Furniture jokes
Glad to present you a wood clock.
https://olegon.ru/clock/
A guy walks into a bar, then a table, and then a chair.
Have a sink in your house? Eat it.
Have a mouse in your house? Kill it.
Have a child in your house? MICROWAVE IT.
...just kidding. Now watch this video: https://www.youtube.com/watch?v=Y5tjtUFL0j4
Why does everyone like couch jokes?
Because they are sofa-nny (so funny)!
I sat on a chair.
One day, I sit in the lounge on a chair.
Do gay midgets come out of the cabinet?
What's a chair's favorite snack?
Chair-ies or Cherries if that's how you wanna spell it .3.
I slept like a log last night... woke up in the fireplace.
Q: What do you get when you drop all your potato chips in your couch somewhere?
A: A couch potato. HaHaHa
A cow is at his friend's house for a sleepover party. Sadly, all of the beds are taken. Where does the cow sleep?
On the COWch (couch).
What does a duck and a tablespoon have in common?
Both are not a lamp.
A blind man walks into a bar.
And a chair.
And a table.
What is the chair's favorite person?
A sit-izen.
What does a human and a cat have in common?
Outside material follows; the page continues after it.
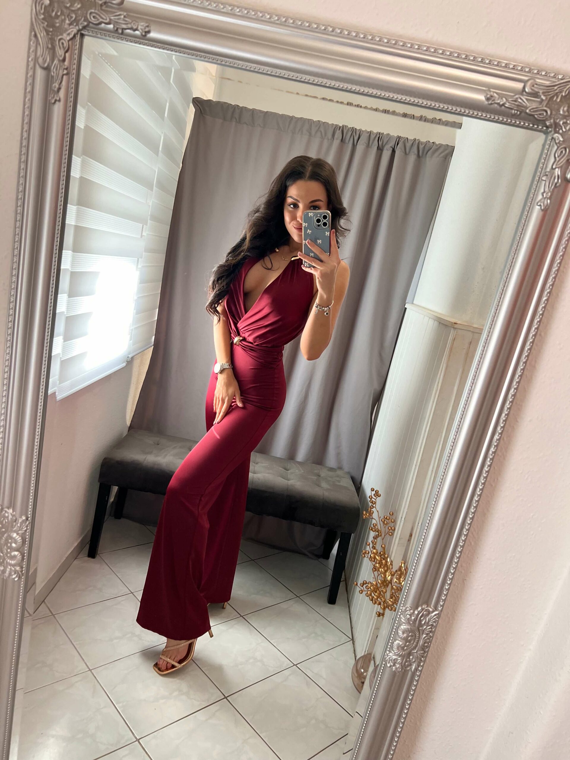 Milen nyakba akasztós , arany diszitéses nyitott burgundi overál.

Both take my bed.
Some moving men had just begun their day's work.
The first thing they brought into the house was a huge couch.
The owner came in and asked how everything was going. They replied, "Sofa so good."
What is green, fuzzy, and will kill you if it falls from a tree? A pool table.
How do you fit three flags on a bar stool?
Flip it over!
How many gay guys can you fit on a barstool? 4... if you turn it upside down.
I like my couches like my women... Old, used, and big enough to fit 3 men.